Artist Feature: Dan Witz
"...the smell of leather jackets, sweat, and clove cigarettes."
Moshing, slam dancing, thrashing, skanking. A sweaty hot mess, swaying and pushing into the humid crowd, fostering unrestricted self-expression and interaction with a loud pounding soundscape. The pit, the bedroom of hardcore music.
I remember my first pit experience; 1991 Detroit, Gangster Fun opening for Fugazi, absolutely the most liberating experience of my 14-year-old self. I remember what I wore, the smell of leather jackets, sweat, and clove cigarettes. The beginning of what would become decades of dance halls and underground clubs, Nat Shermans, red lipstick, Doc Martins, and slam dancing! The art of the pit boils down to the boundaries that you define at any given moment. This is beautiful to me. The crowd shifts and swirls in front of a stage, the point of impact, forceful but friendly, an exhilarating release of aggression, a release of passion, an enigmatic grace.
The work of Dan Witz embodies the energy and pulse of the hardcore music scene.

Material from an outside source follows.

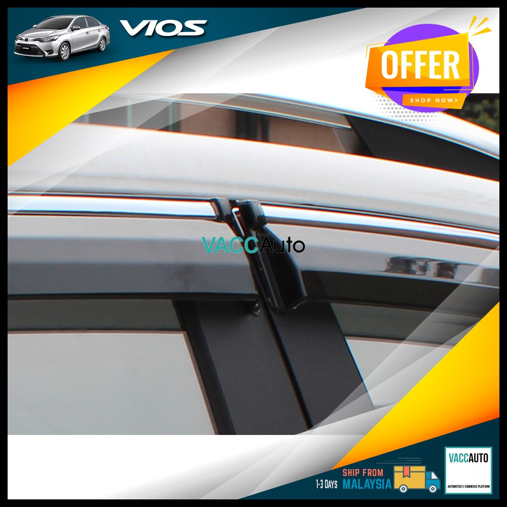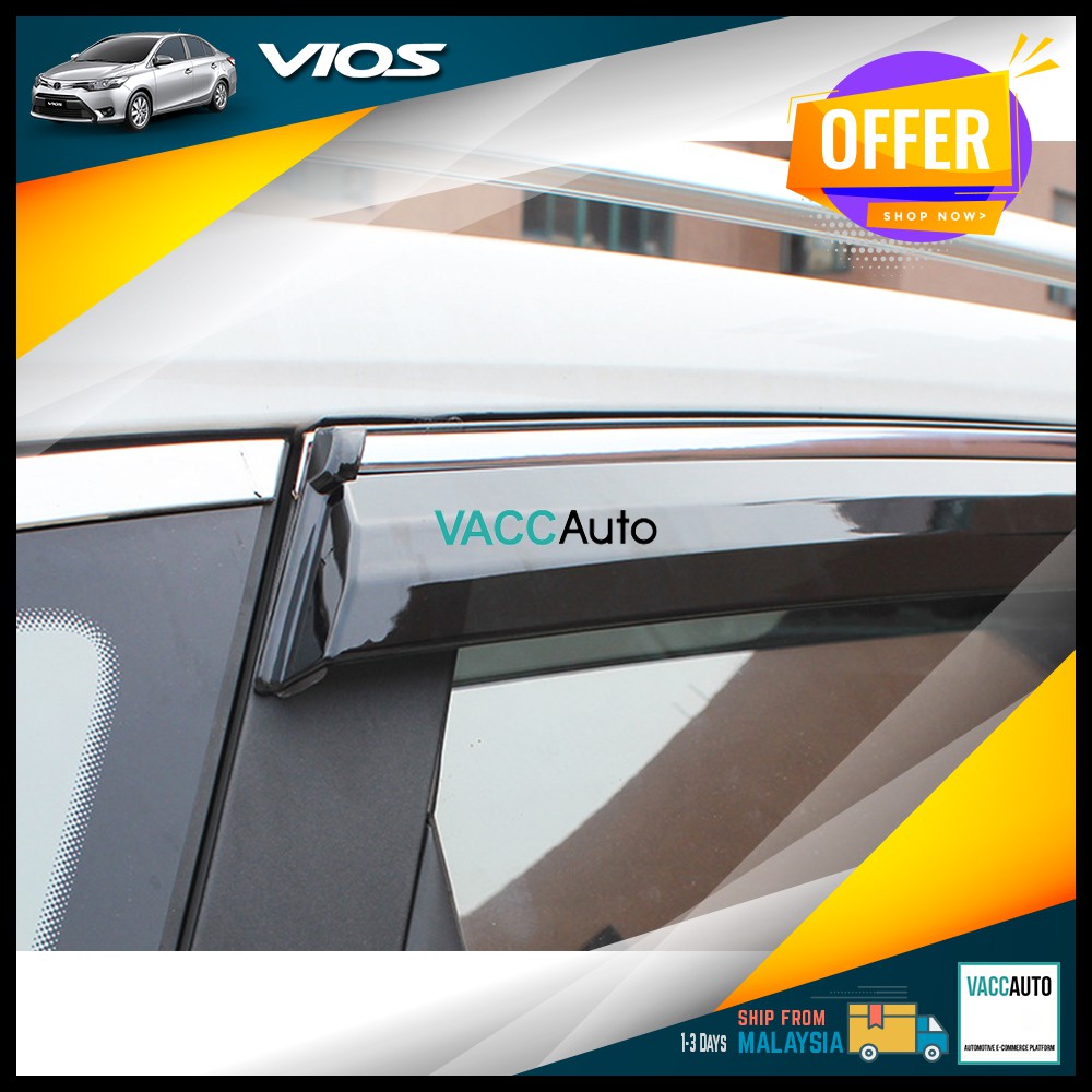 Toyota Vios Door Visor With Steel Chrome Lining Window Shield Deflector For Vios NCP93 NCP150 (2007-2018) VACC Auto
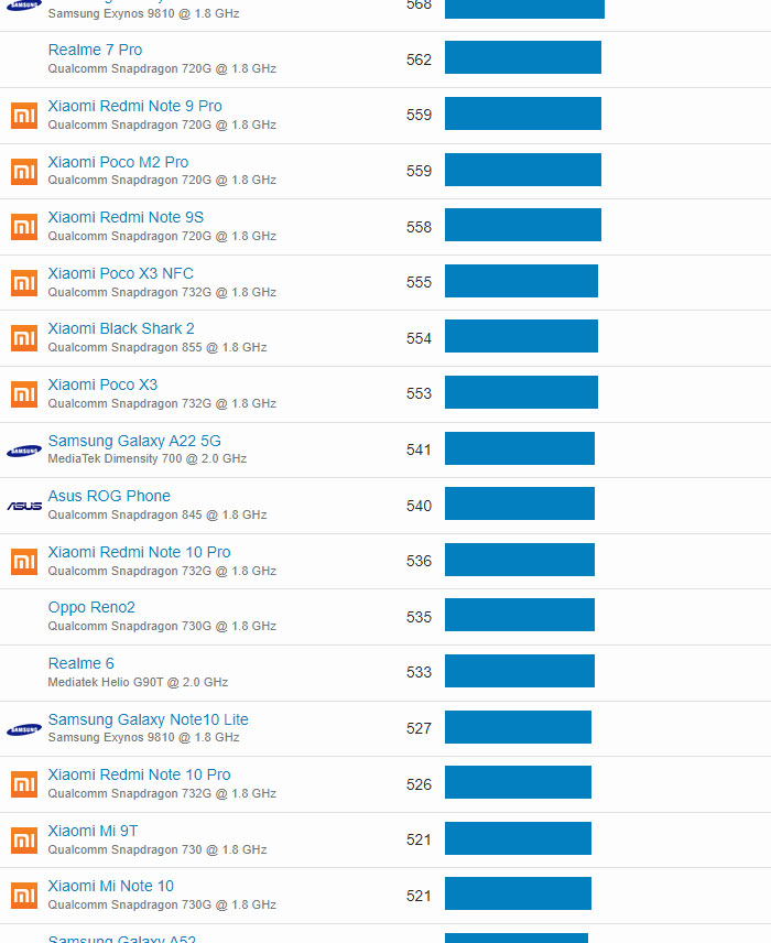 | 21 | Xiaomi Poco F3 | Qualcomm Snapdragon 870 @ 1.8 GHz | 923 |

Unimpressed by what he was seeing in the late 70s/early 80s NY gallery art scene, he utilized his formal academic training and applied it to the street art scene, soon becoming a pioneer. Street art was his go-to for many years, alongside the punk subculture. Becoming a museum enthusiast by day and a staple in the punk scene by night, he became inspired by both classical art and the energy and authenticity of the hardcore music scene. Fusing the two, he took his art in a new direction. Utilizing his academic realist style, he began documenting the chaotic nightlife of the punk music scene.
“I discovered in my museum wanderings – especially in the epic baroque multi-figure pieces – that painting actually had plenty of potential for the adrenaline and animalistic frenzy I craved. The action, especially in the large set pieces by Rubens, Brueghel, and Bosch can be dizzying, sometimes it even manages to achieve an almost punk-rock pitch of chaos and catharsis.”